Citation: Hong Y, Chen Y, Bai Y, Tan W (2025) Cognitive-behavioral therapy for the improvement of negative symptoms and functioning in schizophrenia: A systematic review and meta-analysis of randomized controlled trials. PLoS One 20(5): e0324685. https://doi.org/10.1371/journal.pone.0324685
Editor: Carlos Eduardo Thomaz,, FEI: Centro Universitario da FEI, BRAZIL
Received: September 3, 2024; Accepted: April 28, 2025; Published: May 20, 2025
Copyright: © 2025 Hong et al. This is an open access article distributed under the terms of the Creative Commons Attribution License, which permits unrestricted use, distribution, and reproduction in any medium, provided the original author and source are credited.
Data Availability: All relevant data are within the paper and its Supporting Information files.
Funding: The author(s) received no specific funding for this work.
Competing interests: The authors have declared that no competing interests exist.
Introduction
Schizophrenia is a profound and enduring mental health condition that profoundly impacts an individual’s cognition, perception, emotional responses, and actions [1]. The reach of its effects is extensive, not only deeply affecting the lives of those who live with the disorder but also significantly impacting their families and support networks [2].

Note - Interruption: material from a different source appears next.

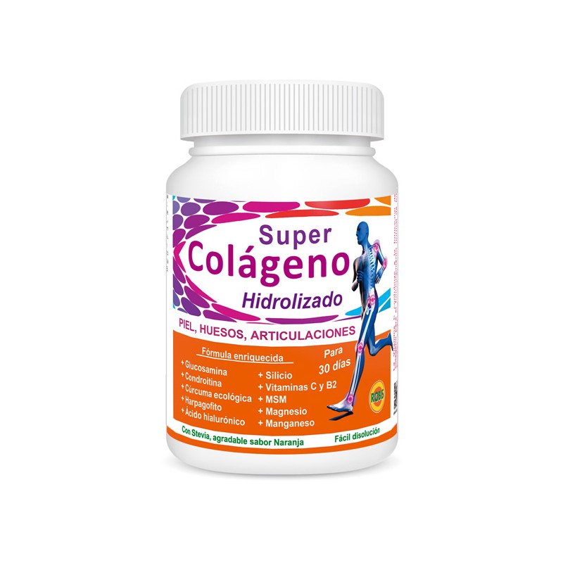 Por dosis diaria de 10 g: Colágeno hidrolizado 7.000 mg, maltodextrina, carbonato magnésico (185 mg de magnesio), aroma de naranja, D-glucosamina sulfato (contiene crustáceos) 324 mg, MSM (metilsulfonilmetano) 267 mg, cúrcuma polvo ecológica (Curcuma longa Vahl.) 100 mg, corrector de acidez (ácido cítrico monohidratado), vitamina C (ácido L-ascórbico) 80 mg, extracto seco de harpagofito (Harpagophytum procumbens DC 2% harpagósidos) 60 mg, extracto seco de Bambú (Bambusa arundinacea (Retz.) Willd.70% silicio) (aporta 24 mg de silicio), condroitín sulfato (contiene pescado y derivados) 33 mg, ácido hialurónico 6 mg, edulcorante (glicósidos de esteviol destinado a la alimentación), sulfato de manganeso (aporta 2,7 mg de manganeso), vitamina B2 (riboflavina) 1,4 mg.
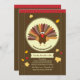Esse peru caprichoso, com um fundo marrom de folhas caindo e uma borda vermelha rendada no topo, é uma maneira divertida de convidar os convidados para a sua mesa de Ação de Graças.

Negative symptoms are an important aspect of schizophrenia, contrasting with positive symptoms such as hallucinations and delusions. They include blunted affect, alogia, avolition, asociality, and anhedonia [3,4], which can significantly impair patients’ quality of life and hinder the rehabilitation process [5,6].When treating schizophrenia, in addition to focusing on controlling positive symptoms, appropriate management and intervention for negative symptoms are also necessary.
The condition can give rise to a range of challenges, including disruptions in social interactions, hindered professional capabilities, and a diminished overall quality of life. Schizophrenia interventions encompass a comprehensive array of strategies designed to mitigate symptoms, bolster functional capabilities, and elevate the overall quality of life for those affected. Antipsychotic medications are the primary intervention for the treatment of schizophrenia. However, current evidence indicates that the efficacy of antipsychotic medications in reducing the severity of negative symptoms is highly limited, and there is a lack of robust evidence for their effectiveness in treating primary and enduring negative symptoms [7–9]. This represents a core challenge in current research on the treatment of negative symptoms, while also highlighting the insufficient evidence supporting existing interventions. In the clinical treatment of schizophrenia, we are gradually exploring ways to reduce reliance on traditional antipsychotic medications [10], instead focusing on measures of cognitive behavioral therapy to improve the condition.
In the field of schizophrenia treatment, Cognitive Behavioral Therapy (CBT) has demonstrated multidimensional intervention characteristics and has been widely applied. As a structured and goal-oriented psychotherapy, CBT has garnered significant attention in the treatment of schizophrenia in recent years [11–13], aimed at improving patients’ cognitive functions, reducing symptoms, enhancing the quality of life, and promoting the recovery of social functioning. Previous review studies have often focused on the improved effects of cognitive behavioral therapy on the positive symptoms of schizophrenia [14,15]. However, as recent studies have pointed out [16], there is still a lack of comprehensive analyses specifically addressing the improvement of negative symptoms. Xu’s study [16] has provided important insights into the efficacy of CBT in alleviating negative symptoms. Building on this foundation, our study further expands the research in this area. Specifically, we have increased the number of included studies, clearly distinguished the short-, medium-, and long-term effects of CBT, limited the control group to treatment as usual (TAU), and introduced function as an important outcome measure. To gain a deeper understanding of the efficacy of cognitive-behavioral therapy (CBT) in treating negative symptoms of schizophrenia, systematic reviews and meta-analyses are essential. They not only fill the existing research gaps but also provide more comprehensive scientific evidence to inform clinical decision-making.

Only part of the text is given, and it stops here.